* WHAT YOU WILL DO
Repeat the lines from the one containing "Der deutsche Pianist" through the end of the listing exactly, both ends included. Do not carry over any pictures.

* PROVIDED DATA
* * *

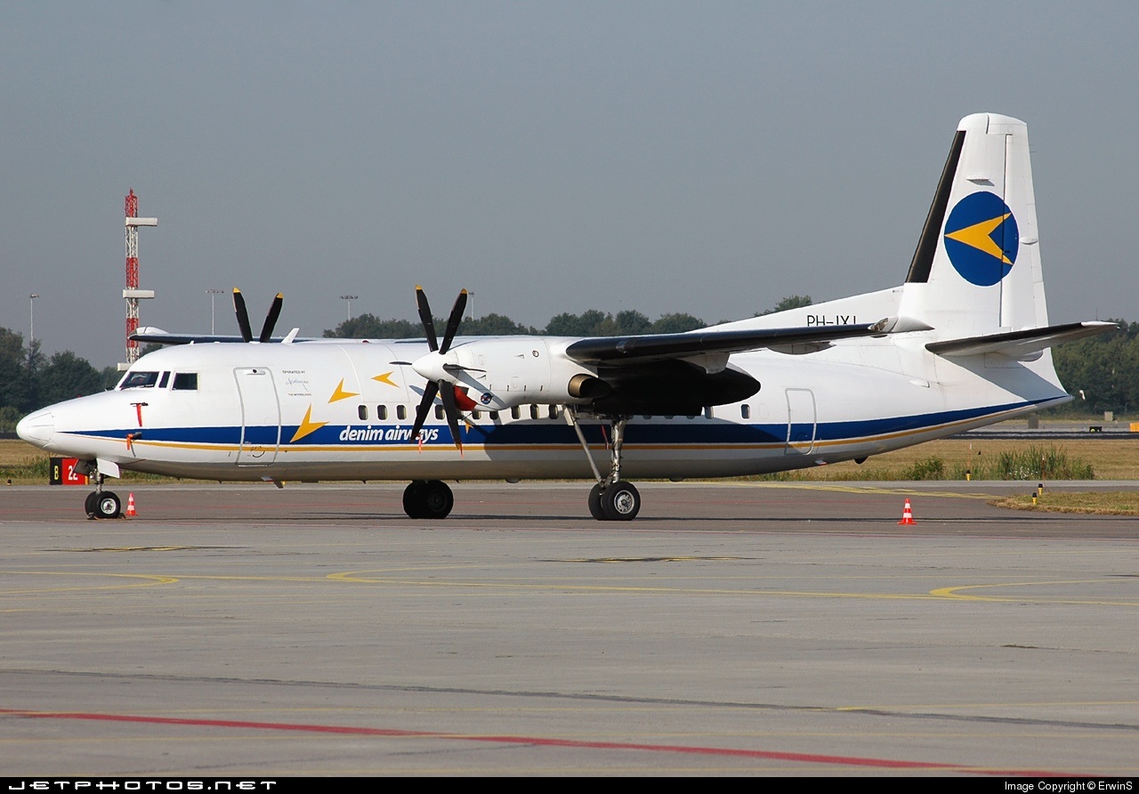 Denim Air then focused on wet leasing. The Spanish Air Nostrum was the main customer which leased at one point 14 Fokker 50's. In 2005 Denim was sold to Panta Holdings, owner of VLM Airlines. Wet-leasing was continued and when Panta sold VLM to KLM-Air France, Denim started its own scheduled services again. However Denim Air went bankrupt in 2010. They still had a lucrative contract with the Norwegian Air Force and to maintain this contract, it was decided to make a restart with 2 Fokker 50s. Until 2014 business went well and the fleet was expanded again. At the end of 2014, a management buy-out of Panta took place and the "new" Panta was no longer interested in Denim. At the end of 2016 Denim lost its permit and went bankrupt in January 2017. In the years of its existence, Denim Air had 27 Fokker 50s, 4 Fokker 100s, 3 Embrear ERJ 190,
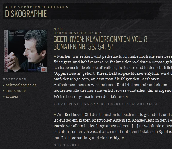 Der deutsche Pianist Michael Korstick setzt mit seinen Beethoven- und Schubert-Interpretationen Maßstäbe. Neben zahlreichen anderen Auszeichnungen gewinnt er 1995 den ECHO Klassik. Schon seine Mitstudenten an der New Yorker Juilliard School nennen ihn “Dr. Beethoven”, und heute zählt Michael Korstick zu den bedeutendsten deutschen Pianisten überhaupt.
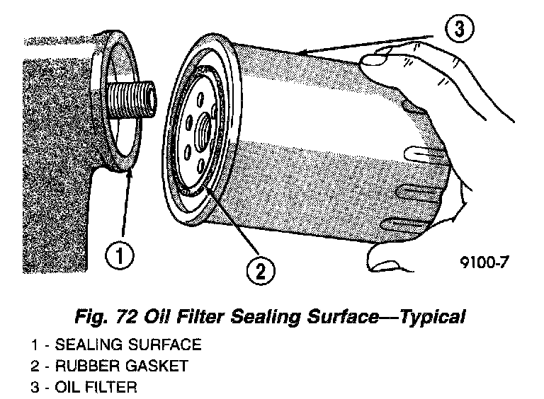 3. Rotate the oil filter counterclockwise to remove it from the cylinder block oil filter boss or filter adapter housing (Fig. 71).
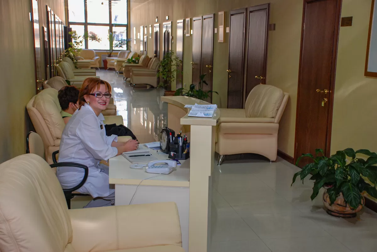 Регистратура в холле на 2 этаже в лечебном корпусе

* * *

* SOLUTION TO THIS TASK
 Der deutsche Pianist Michael Korstick setzt mit seinen Beethoven- und Schubert-Interpretationen Maßstäbe. Neben zahlreichen anderen Auszeichnungen gewinnt er 1995 den ECHO Klassik. Schon seine Mitstudenten an der New Yorker Juilliard School nennen ihn “Dr. Beethoven”, und heute zählt Michael Korstick zu den bedeutendsten deutschen Pianisten überhaupt.
 3. Rotate the oil filter counterclockwise to remove it from the cylinder block oil filter boss or filter adapter housing (Fig. 71).
 Регистратура в холле на 2 этаже в лечебном корпусе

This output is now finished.